TO DO:
The expected result is the full listing, retyped exactly, without a single picture.

SUPPLIED DATA:
# # # # # # #

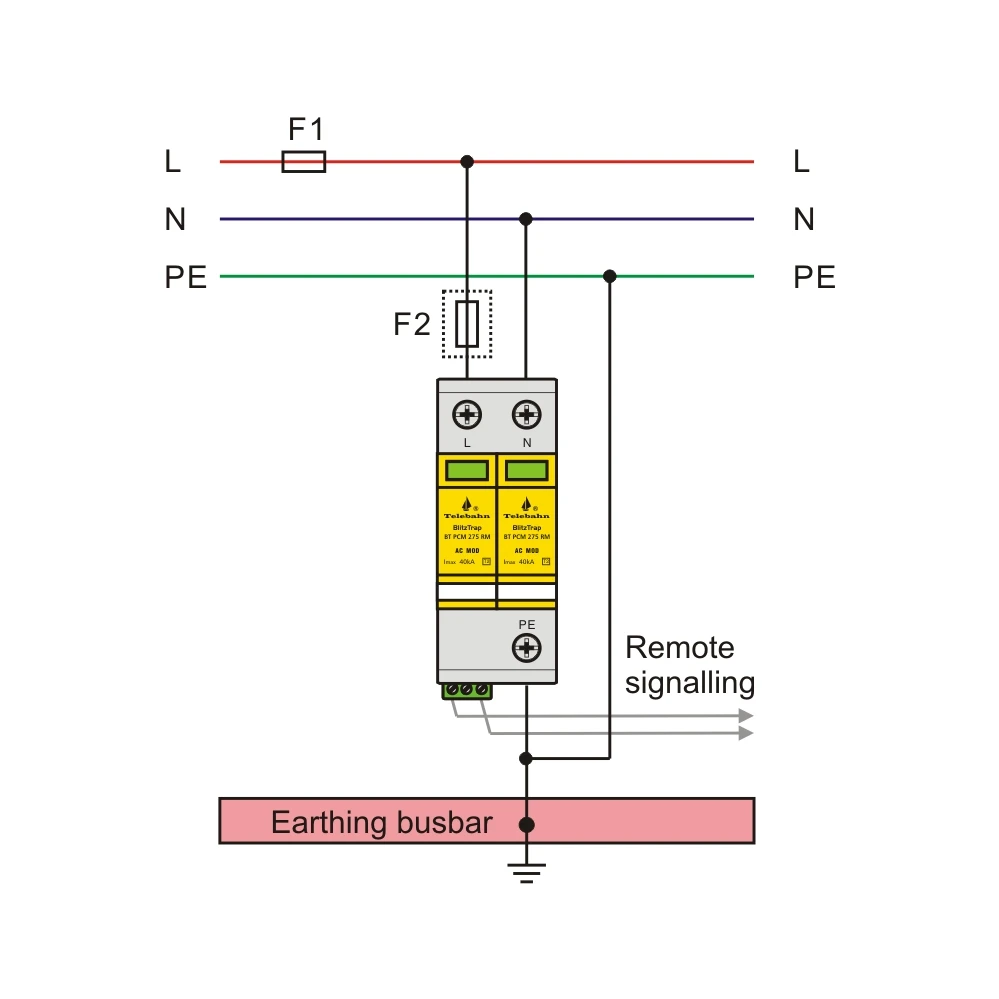 الاستخدام: قابل للإدخال فئة SPD II للتيار أحادي -فاز TN (“2+0”أنظمة إمداد الطاقة الكهربائية.)
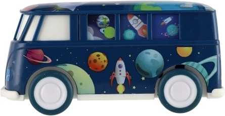 El autobús está diseñado con colores vivos y motivos espaciales que cautivarán a cualquier niño.
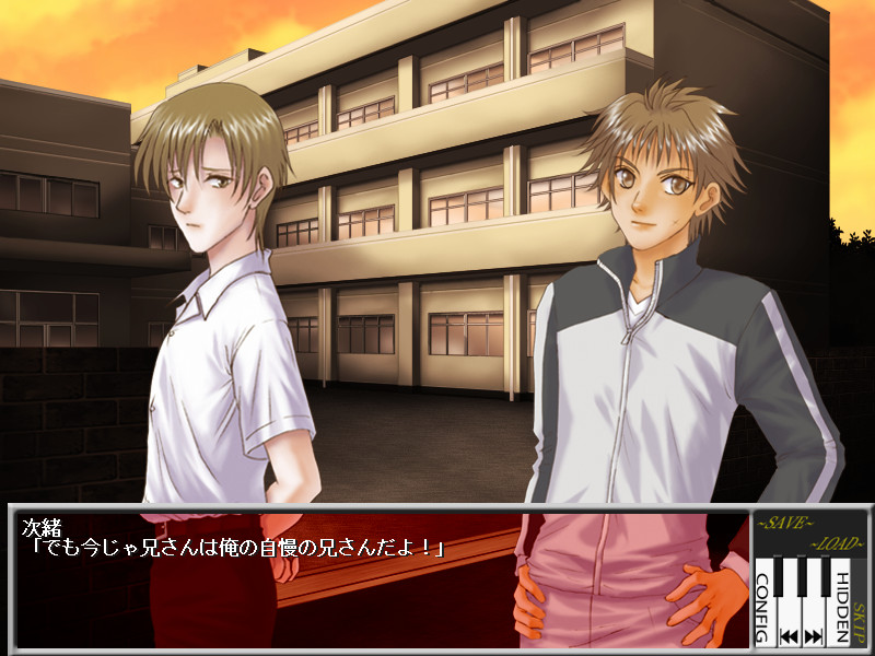 A beautiful guy enrolls at main character's school club. He accepts protagonist's confession with the condition to get an affair with his brother first. Protagonist clenches teeth and agrees as this is the only way to get access to the body. vndbreview]
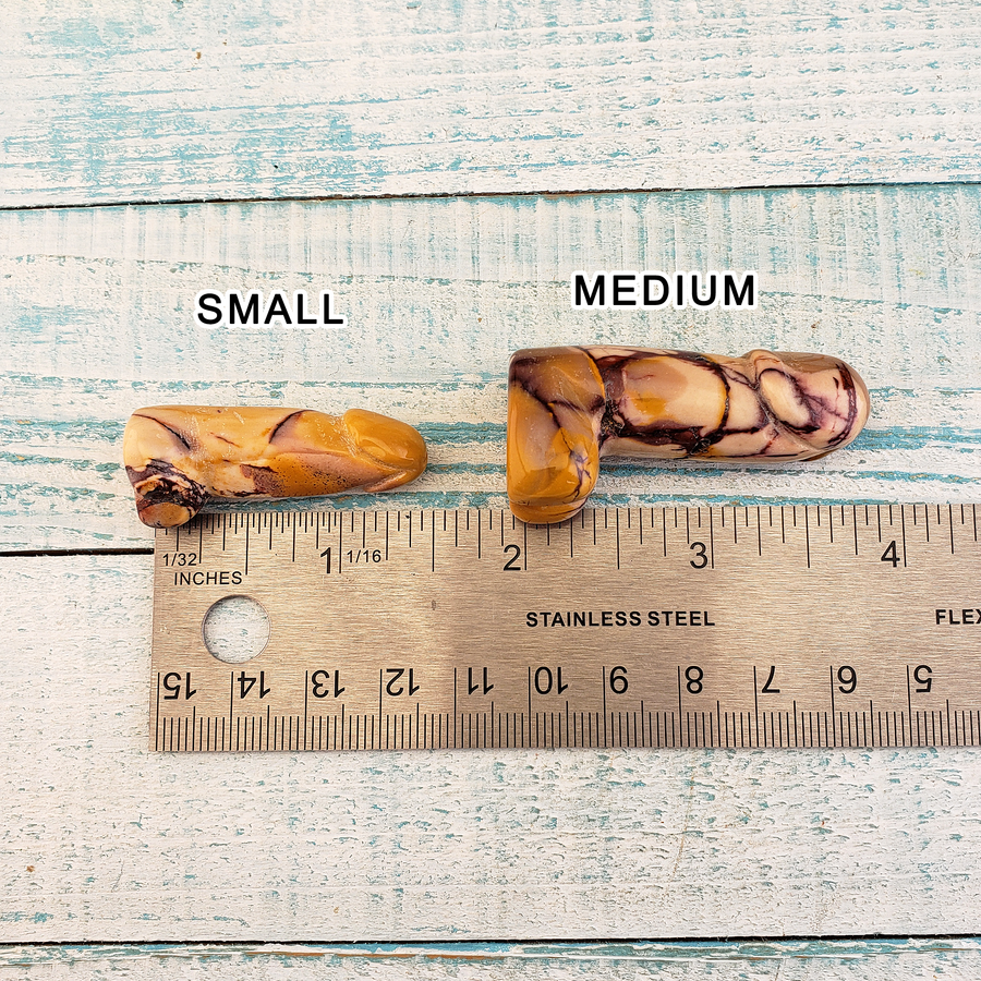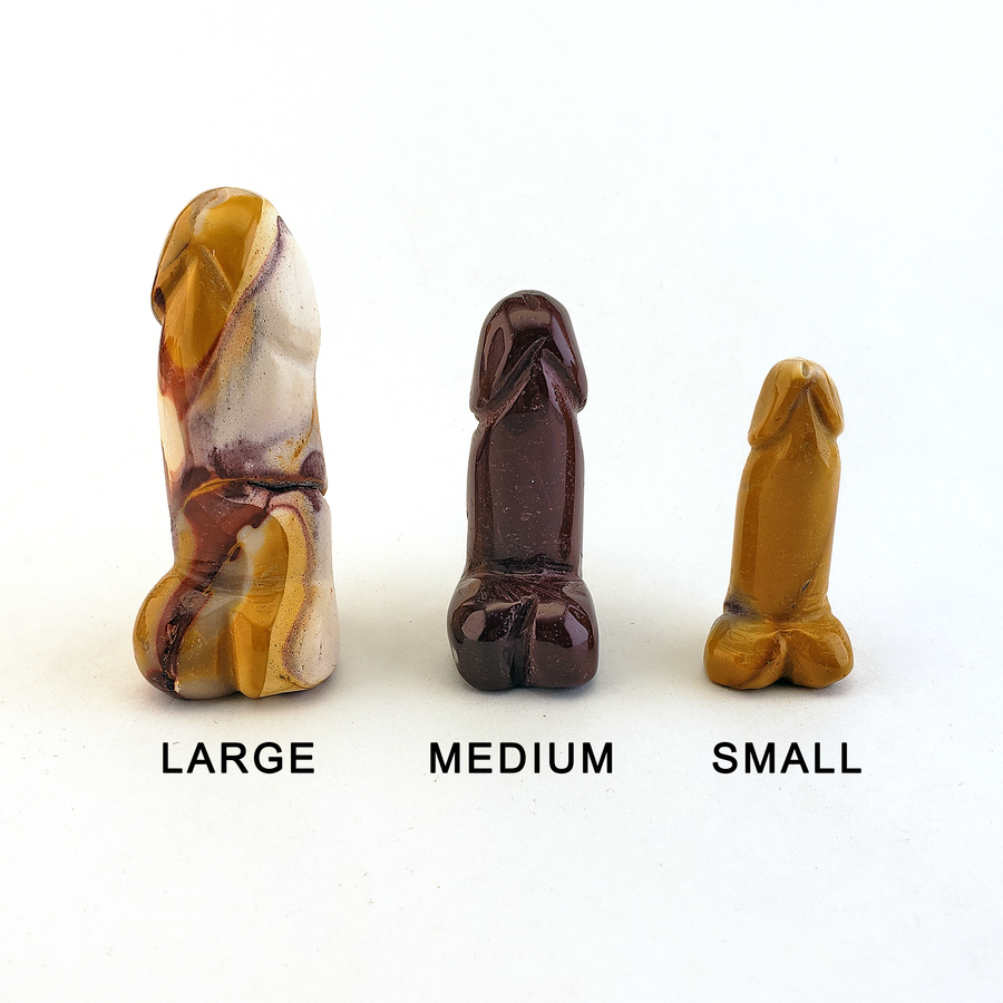 Phalluses are made of natural Mookaite and vary in color. Some phalluses feature inclusions or natural dips inherent to the growth patterns of the source stone. Sizing is approximate and may vary slightly from carving to carving as these are shaped by hand. No two are exactly the same!

# # # # # # #

TASK RESULT:
 الاستخدام: قابل للإدخال فئة SPD II للتيار أحادي -فاز TN (“2+0”أنظمة إمداد الطاقة الكهربائية.)
 El autobús está diseñado con colores vivos y motivos espaciales que cautivarán a cualquier niño.
 A beautiful guy enrolls at main character's school club. He accepts protagonist's confession with the condition to get an affair with his brother first. Protagonist clenches teeth and agrees as this is the only way to get access to the body. vndbreview]
 Phalluses are made of natural Mookaite and vary in color. Some phalluses feature inclusions or natural dips inherent to the growth patterns of the source stone. Sizing is approximate and may vary slightly from carving to carving as these are shaped by hand. No two are exactly the same!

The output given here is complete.